My husband is here, on EP, and has been for years. Only recently did I find his account and the extent to which he has been unfaithful to me - and to our children.

He has left a voluminous electronic trail detailing the depths into which he's descended, that when compared to the cover stories he has given me, leave me utterly humiliated and sick in my soul.

No, we were never perfect from the beginning; who is? We met when I took music lessons from his mother and though I never caught on with piano I started dating this affable, sensitive 21 year old with the body of an adonis. We came from very similar small-town and religious backgrounds. When he proposed it came with an ultimatum: either marry him or we would have to stop seeing one another. I was in love and it was no contest.

I dropped out of college and entered the work force so he could continue on to get his degree. Our newlywed months were filled with affection and laughter as I sought new ways to show him my happiness once his studies were put aside for the night.

Time went on, he graduated, worked two jobs. We were paying down our debts. Life was good. I was eager for him in bed; he was often tired.

He has always had a roving eye but assured me he loved only me. His gaze always lingered too long on attractive women. I started finding things that shocked me. Whenever I caught him hiding dirty pictures or books he would lash out defensively claiming a "one-off" or a "slip." He'd shut down and stop speaking to me, which I thought was a strange way of expressing "love."

Well, those "slips" were relatively few and far between at first. We were enjoying our first child, then four more. We traveled a great deal and lived abroad, something most people can only dream of. He bought me some expensive china and jewelry from time to time as if to compensate for the diminishing physical attention I was receiving from him.

Nearly twenty years into our union he confessed he'd fallen in love with a girl he'd dated in junior high when he found her through the internet. He was by this time working in Europe while the rest of us remained in the U.S. They were having an affair, mostly by phone or email, though there were clandestine weeks in hotels too. He said he wanted out. We had five children, the youngest not even out of kindergarten, and I was expecting again. This couldn't be happening. I refused a divorce and toughed it out, counting on his fickle nature to manifest itself. It did. The affair ended. During this turbulent time I suffered a miscarriage, feeling abandoned.

From that time on whenever his work took him far away he didn't move us with him, insisting the cost was too high. I would have gladly settled for fewer possessions, a smaller home, anything, if he would be with us and our children benefit from their father's presence, not to mention my need for him as a woman.

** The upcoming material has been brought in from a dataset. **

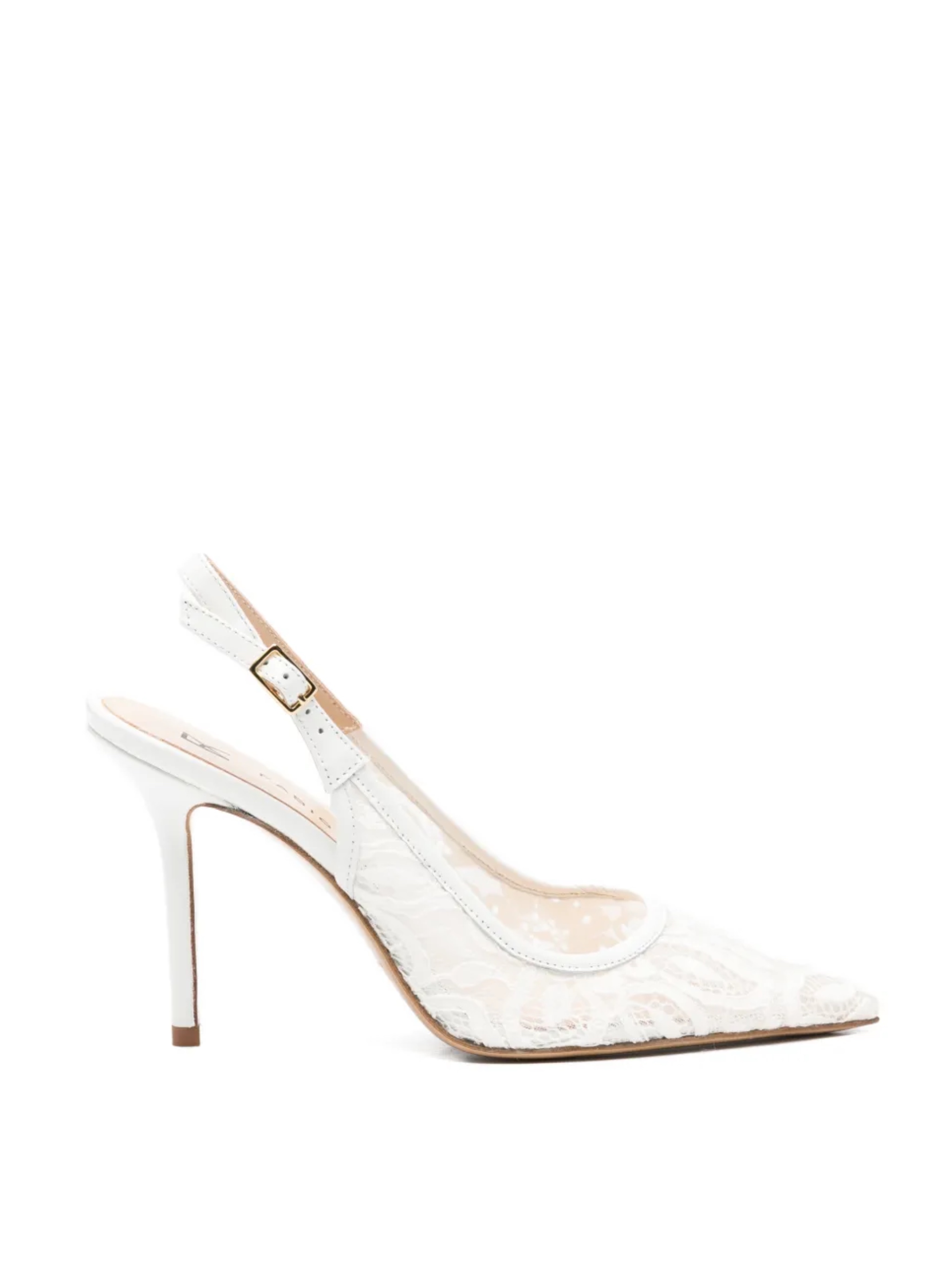 Белые босоножки из ажурной ткани с отделкой натуральной кожей от FABIO RUSCONI. Модель с зауженным мысом, открытой пяткой, ремешками с пряжками вокруг щиколоток, каблуком-шпилькой комфортной высоты, внутренней отделкой из натуральной кожи.

Seven years ago he landed a series of contracts in Iraq and Afghanistan. He has seldom been home since. (I would add, he is now; he wasn't rehired after the last term ended. Looking at the long long list of interactions he's had here on EP, I marvel his bosses kept him as long as they did. No, he hasn't touched me in the months he's been home, either.)

How do I describe the loneliness, the frustration, the fear, the insecurity, the sinking gut feeling of being a single parent while the man I loved no longer bothered enough to so much as send an email or call more than once a week, if that.

So I scroll through his writings here, thinking of the emptiness of my own in-box these many years, and ask myself, do I know this man anymore.

I can't believe the things I'm seeing. I am so sick.